Decompress a ZIP file into the specified destination folder.

This function opens a ZIP archive and extracts its entire content into the specified folder. If the output folder does not exist, it is created automatically. Functions as an internal component of the ISTAT data download workflow.

PARAMETER DESCRIPTION
input_data

Path to the ZIP file to decompress.

TYPE: Path

output_folder

Folder where the archive content will be extracted.

TYPE: Path

RETURNS DESCRIPTION
Path

Path to the folder containing the extracted files.

RAISES DESCRIPTION
FileNotFoundError

If the ZIP file does not exist.

BadZipFile

If the provided file is not a valid ZIP archive.

Exception

For any error during decompression.

census_trace(file_path, year, output_path=None)

Extract metadata trace record from the "Metadati" sheet of an Excel file.

This function accesses the sheet named "Metadati" in an Excel file related to census data, extracts the fundamental columns (field name and description), and constructs a pandas DataFrame with an index based on the field name. If an output path is provided, the trace record is also saved in CSV format.

PARAMETER DESCRIPTION
file_path

Path to the Excel file from which to extract metadata.

TYPE: Path

year

Reference year for the census, used to generate the output file name.

TYPE: int

output_path

Path to the folder where the trace record CSV will be saved. If None, a DataFrame is returned directly.

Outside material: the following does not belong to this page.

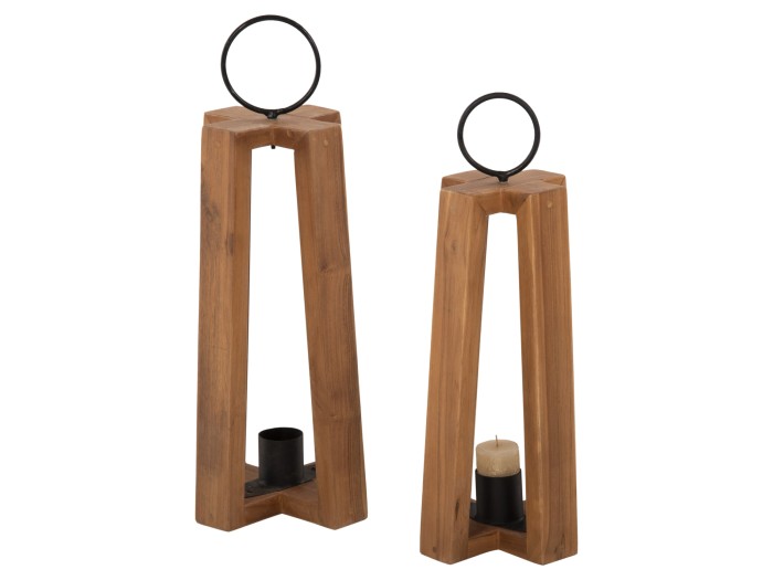 Το σετ 2 φαναριών για κεριά ΗΜ4276 θα το αγαπήσετε με την πρώτη ματιά. Αποτελείται από 2 διαφορετικού ύψους φανάρια κατασκευασμένα από ποιοτικό ξύλο και διαθέτουν μεταλλικό κρίκο για χερούλι ή και για κρέμαση. Το κάθε φανάρι έχει βάση για ένα κερί ενώ το ξύλο είναι στο ΦΥΣΙΚΟ του χρώμα.
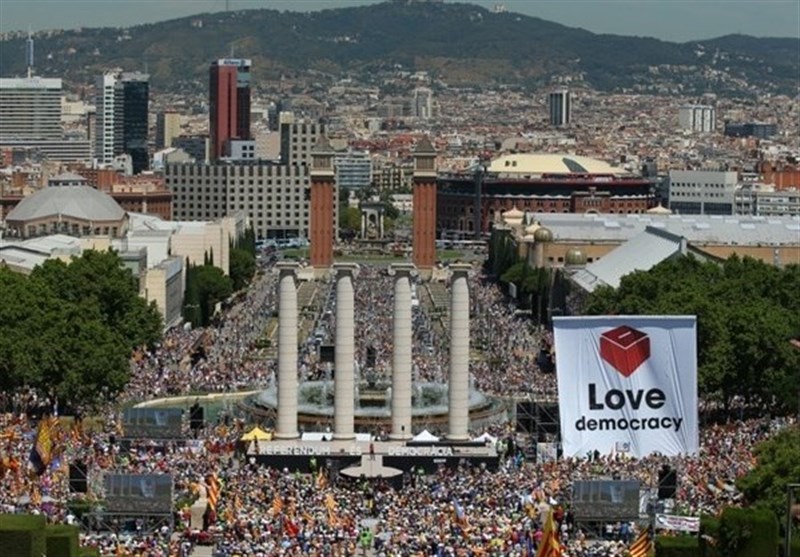 تظاهرات هزاران نفر در بارسلونا در حمایت از همه پرسی استقلال کاتالونیا

TYPE: Path | None DEFAULT: None

RETURNS DESCRIPTION
DataFrame | Path

Path to the generated CSV file if output_path is provided, or a pandas

DataFrame | Path

DataFrame containing the metadata trace record if output_path is None.

RAISES DESCRIPTION
FileNotFoundError

If the specified Excel file does not exist.

XLRDError

If an error occurs while opening or reading the Excel file.

Exception

For any unexpected errors during parsing or saving.

read_xls(file_path, census_code, output_path=None)

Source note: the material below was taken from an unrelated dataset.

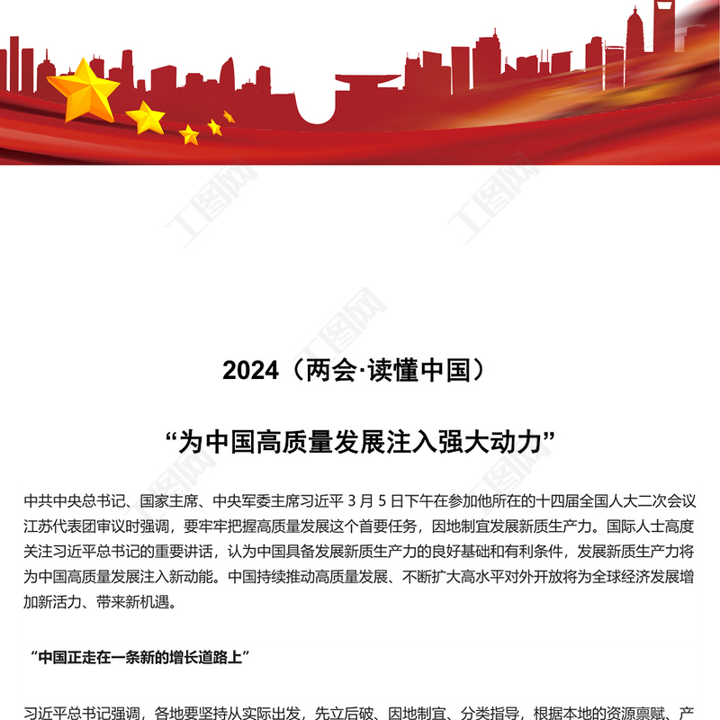 工圖網提供2024兩會讀懂中國PPT精美創(chuàng)意為中國高質量發(fā)展注入強大動力黨課課件(講稿)供會員免費下載。更多精彩黨課PPT素材,盡在工圖網。

Read an Excel file (.xls) and return a DataFrame or save data as CSV.

This function opens an Excel file in .xls format, automatically selects the first useful sheet (excluding any sheets named "Metadati"), extracts the sheet rows, constructs a pandas DataFrame, and sets as index the column corresponding to the provided census code.

If an output path is specified, the DataFrame is saved in CSV format; otherwise, it is returned directly.

PARAMETER DESCRIPTION
file_path

Path to the Excel file to read.

TYPE: Path

census_code

Name of the column to use as the DataFrame index (e.g., ISTAT municipality code).

TYPE: str

output_path

Path to the folder where the resulting CSV will be saved. If None, the DataFrame is returned without saving.

TYPE: Path | None DEFAULT: None

RETURNS DESCRIPTION
DataFrame | Path

A DataFrame containing data read from the Excel file if output_path

DataFrame | Path

is None, or the path to the saved CSV file if output_path is specified.

RAISES DESCRIPTION
FileNotFoundError

If the specified file does not exist.

XLRDError

If an error occurs while reading the Excel file.

Exception

For any unexpected error during parsing or saving.

read_xlsx(file_path, output_path=None)

Read an Excel file (XLSX format) and convert to a Pandas DataFrame.

If specified, saves the data in CSV format.

PARAMETER DESCRIPTION
file_path

Path to the Excel file to read.

TYPE: Path

output_path

Path where the generated CSV file will be saved. If not specified, returns the DataFrame.

TYPE: Path | None DEFAULT: None

RETURNS DESCRIPTION
DataFrame | Path

A DataFrame if output_path is None, otherwise returns the path to

DataFrame | Path

the saved CSV file.

RAISES DESCRIPTION
FileNotFoundError

If the specified Excel file is not found.

ValueError

If the Excel file cannot be read correctly.